• [BRIEF]
Beneath this line is the data. Output exactly the lines from the line with "국경 간 새로운 유럽과" to the line with "监控Android手机短信并", both ends included, and nothing more.

• [SUPPLIED DATA]
=== Section Start ===

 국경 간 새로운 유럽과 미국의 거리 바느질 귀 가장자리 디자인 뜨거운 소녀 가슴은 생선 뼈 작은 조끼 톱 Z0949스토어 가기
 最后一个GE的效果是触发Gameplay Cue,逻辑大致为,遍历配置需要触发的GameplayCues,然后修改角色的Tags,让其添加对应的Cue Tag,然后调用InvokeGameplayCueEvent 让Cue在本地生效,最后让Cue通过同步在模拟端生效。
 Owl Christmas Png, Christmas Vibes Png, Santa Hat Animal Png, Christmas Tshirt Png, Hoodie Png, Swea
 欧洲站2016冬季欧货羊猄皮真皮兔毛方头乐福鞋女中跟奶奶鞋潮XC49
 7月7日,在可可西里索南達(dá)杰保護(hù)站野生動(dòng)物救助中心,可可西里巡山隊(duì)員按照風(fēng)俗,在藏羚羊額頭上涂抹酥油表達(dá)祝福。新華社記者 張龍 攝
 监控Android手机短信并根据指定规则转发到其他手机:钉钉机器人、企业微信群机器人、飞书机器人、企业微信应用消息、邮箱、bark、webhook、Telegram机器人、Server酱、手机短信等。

=== Section End ===
=== Section Start ===

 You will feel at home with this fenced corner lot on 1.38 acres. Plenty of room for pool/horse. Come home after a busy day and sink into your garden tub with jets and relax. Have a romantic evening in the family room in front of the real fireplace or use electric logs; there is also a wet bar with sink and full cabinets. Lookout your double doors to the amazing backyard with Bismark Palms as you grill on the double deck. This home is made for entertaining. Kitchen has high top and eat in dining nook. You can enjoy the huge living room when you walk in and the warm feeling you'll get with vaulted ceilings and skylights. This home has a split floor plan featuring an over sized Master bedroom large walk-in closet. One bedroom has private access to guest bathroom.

=== Section End ===

• [RESPONSE]
 국경 간 새로운 유럽과 미국의 거리 바느질 귀 가장자리 디자인 뜨거운 소녀 가슴은 생선 뼈 작은 조끼 톱 Z0949스토어 가기
 最后一个GE的效果是触发Gameplay Cue,逻辑大致为,遍历配置需要触发的GameplayCues,然后修改角色的Tags,让其添加对应的Cue Tag,然后调用InvokeGameplayCueEvent 让Cue在本地生效,最后让Cue通过同步在模拟端生效。
 Owl Christmas Png, Christmas Vibes Png, Santa Hat Animal Png, Christmas Tshirt Png, Hoodie Png, Swea
 欧洲站2016冬季欧货羊猄皮真皮兔毛方头乐福鞋女中跟奶奶鞋潮XC49
 7月7日,在可可西里索南達(dá)杰保護(hù)站野生動(dòng)物救助中心,可可西里巡山隊(duì)員按照風(fēng)俗,在藏羚羊額頭上涂抹酥油表達(dá)祝福。新華社記者 張龍 攝
 监控Android手机短信并根据指定规则转发到其他手机:钉钉机器人、企业微信群机器人、飞书机器人、企业微信应用消息、邮箱、bark、webhook、Telegram机器人、Server酱、手机短信等。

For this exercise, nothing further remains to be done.